It’s time for another example of abusive academia: in this case, it’s a woman, Guinevere Kauffmann, director of the Max Planck Institute for Astrophysics in Garching, Germany who has been bullying and flinging racist emails about.
The research shows how employees and students are treated at one of the most highly respected research institutes in the world. While the institute in Garching outwardly presents itself as the cutting edge of German research, young scientists talk of despotism, fear of superiors, and destroyed careers.
The accusations against the director are only the latest in a global debate about bullying and abuse of power in science. Women physicists and astrophysicists are making harassment allegations public under the hashtag #AstroSH. For example, famous physicist Lawrence Krauss was placed on temporary leave at Arizona State University following accusations of sexual harassment. And astrophysicist Rachael Livermore was harassed by a colleague in a scientific article so severely that she has since left the field of science.

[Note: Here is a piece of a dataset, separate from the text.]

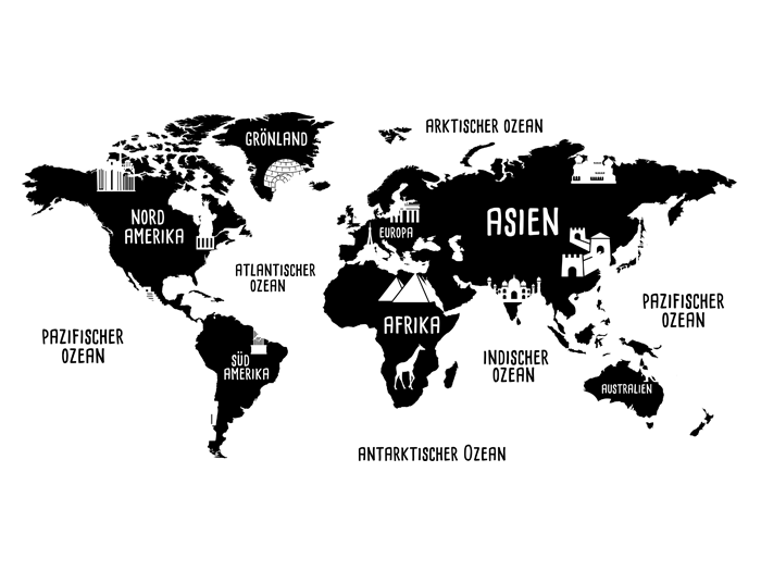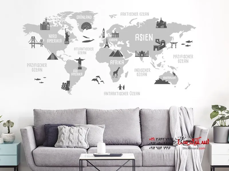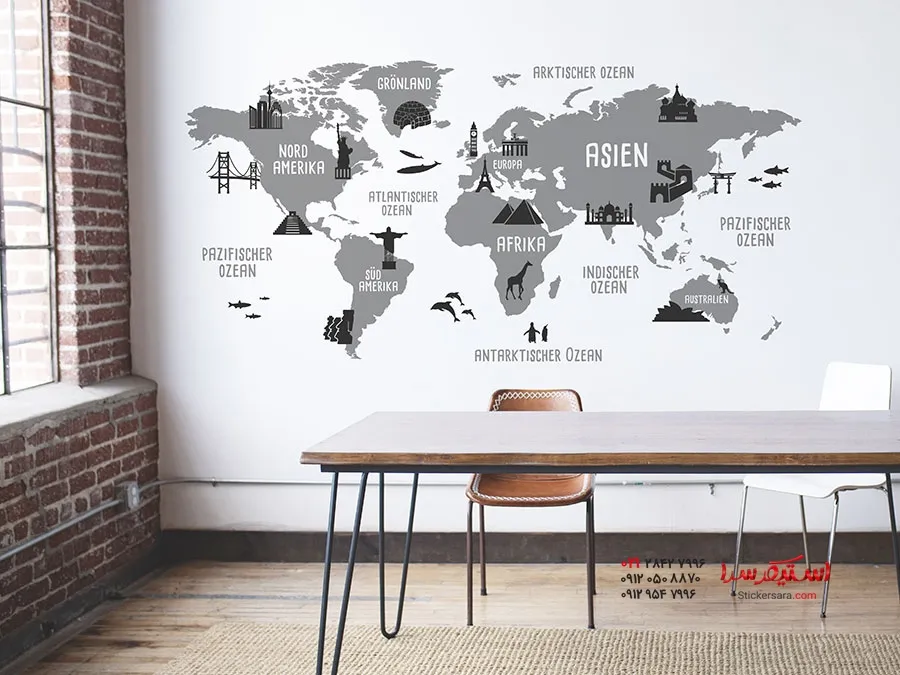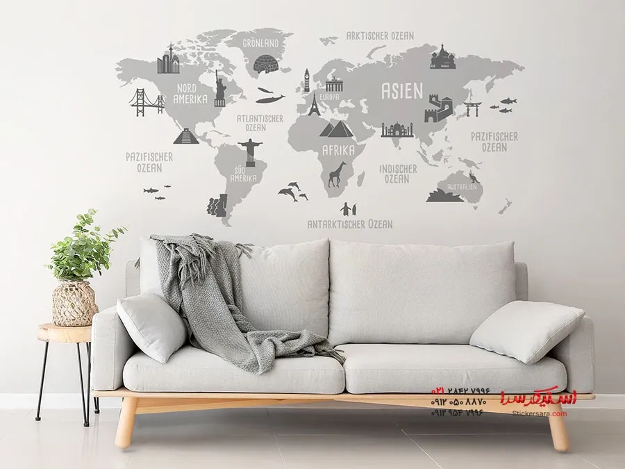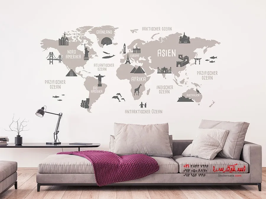 برچسب دیواری نقشه جهان با تصاویر مکانهای دیدنی مانند دروازه براندنبورگ، بیگ بن، برج ایفل، مجسمه آزادی، دیوار بزرگ چین و غیره، نه تنها در اتاق نشیمن، بلکه در اتاق مطالعه یا اتاق نوجوان نیز جلوهای جذاب و هیجانانگیز ایجاد میکند.

In early February German news magazine Der Spiegel reported similar accusations at a Max Planck institute, yet without naming the specific institute (Astrophysics) or the professor (Kauffmann).
It sounds like this branch of the Max Planck has utterly miserably working conditions. This is not how science thrives.
“This matter with Guinevere Kauffmann and her husband is by far the worst. But the prevailing culture in the entire institute is bad. Things happen there that aren’t okay,” said Hans. Andressa Jendreieck agreed. “I get the impression many of the advisors are bullying their employees.”
All nine scientists who spoke with BuzzFeed News Germany say that the institute is profoundly hierarchical. You either endure it, or you break.
“Hierarchical” is the magic word. Science isn’t a top-down process, and when you give select individuals so much power and control, it doesn’t lead to greater productivity. It breaks everything.
I’ve worked in an institute that was profoundly egalitarian — there were PIs, sure, but their role, for which they were respected, was to take on more responsibility, rather than more “power”. Everyone was fully aware that the goal of the institute was to work as a team to do great science, which meant that everyone, undergraduates, grad students, post-docs, technicians, and PIs had essential roles in getting that done — and taking a dump on someone at a lower level in the imaginary hierarchy was disruptive and self-defeating. All human beings in the great machine of science must be regarded as equals, or the enterprise will fail.
This is why the myth of the Great Men of Science is so wrong and damaging. It leads to pathologies like the situation at the Max Planck in Garching. Good science is collaborative and cooperative.